As the business world continues to evolve, so does the way your customers interact with businesses. With the rise of digital channels and the increasing expectations of customers (you haven’t seen this have you? ), delivering an outstanding customer experience has become more critical than ever. An essential tool that businesses can use to measure and improve their customer experience is key performance indicators (KPIs).
The hard reality is that your customers have a plethora of options to choose from, and the bar for quality service has been set high and keeps getting raised. To remain competitive, it is essential for businesses to monitor and improve their customer experience consistently. A company’s contact center serves as the face of the company and is often the first (and maybe ONLY) point of interaction between your customer and your business. As a result, it is crucial to measure the success of the contact center in terms of customer satisfaction, agent performance, and operational efficiency.
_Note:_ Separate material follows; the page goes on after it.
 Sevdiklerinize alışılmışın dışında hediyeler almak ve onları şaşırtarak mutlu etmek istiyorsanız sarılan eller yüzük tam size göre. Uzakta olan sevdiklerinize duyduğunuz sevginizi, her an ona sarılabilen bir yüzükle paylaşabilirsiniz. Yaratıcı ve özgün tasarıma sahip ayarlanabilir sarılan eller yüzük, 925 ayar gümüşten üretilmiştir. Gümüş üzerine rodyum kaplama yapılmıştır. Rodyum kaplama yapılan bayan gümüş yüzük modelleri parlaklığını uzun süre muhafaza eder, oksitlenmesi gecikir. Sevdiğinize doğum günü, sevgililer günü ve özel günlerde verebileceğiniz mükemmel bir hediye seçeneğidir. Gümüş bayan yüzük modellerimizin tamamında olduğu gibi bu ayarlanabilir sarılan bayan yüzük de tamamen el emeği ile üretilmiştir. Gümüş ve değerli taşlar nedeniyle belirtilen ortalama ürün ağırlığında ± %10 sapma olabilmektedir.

When it comes to selecting the right KPIs, it can be challenging to determine which ones to use, as different organizations have different objectives. However, some common KPIs that businesses use to measure success in their contact centers include:
- Average Handle Time (AHT): This KPI measures the average amount of time that an agent takes to handle a customer interaction, from the start of the call to the end.
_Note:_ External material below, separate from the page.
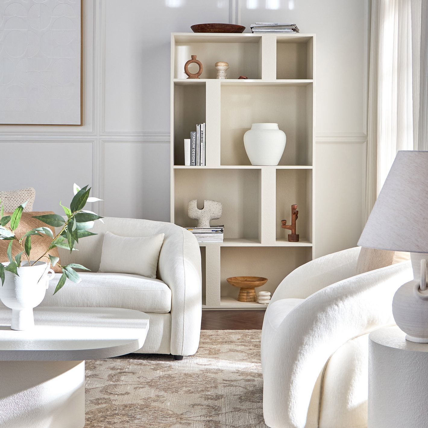 Balance Display Unit – Modern Wooden Shelf Cabinet with Unique Compartments for Living Room Décor (White)

- First-Call Resolution (FCR): This KPI measures the percentage of customer interactions that are resolved on the first call, without the need for the customer to call back.
- Customer Satisfaction Score (CSAT): This KPI measures the level of satisfaction that customers have with their experience with the contact center.
- Call Abandonment Rate: This KPI measures the percentage of calls that are abandoned by customers before they are connected to an agent.
- Net Promoter Score (NPS): This KPI measures the likelihood of customers recommending a company to others.
Distinguishing between leading and lagging indicators is also important when selecting KPIs. Leading indicators are metrics that predict future outcomes while lagging indicators measure outcomes that have already happened. For example, the customer satisfaction score is a lagging indicator as it measures the customer’s experience after the interaction has taken place. On the other hand, the call abandonment rate is a leading indicator as it predicts customer frustration and potentially a decline in customer satisfaction.
It is critical to avoid common benchmarking mistakes when selecting KPIs. Examples include comparing metrics that are not directly related or using metrics that are not relevant to an organization’s objectives. For example, it would be inappropriate to compare the call abandonment rate of a high-volume call center with a low-volume call center. The former would likely have a higher rate, as they handle a much larger volume of calls.
Having a technology services partner can help organizations navigate their KPIs and benchmark their performance against industry standards. A partner can provide valuable insights and guidance to help organizations achieve their desired outcomes. Furthermore, a partner can help organizations implement and manage advanced technologies, such as artificial intelligence and self-service, to drive customer engagement and improve customer experience.
KPIs are an essential tool for businesses to measure and improve their customer experience. By selecting the right KPIs, organizations can gain a clear understanding of their performance, make informed decisions, and drive positive outcomes. A technology services partner can provide valuable support and guidance to help organizations achieve their desired outcomes and deliver the best possible customer experience.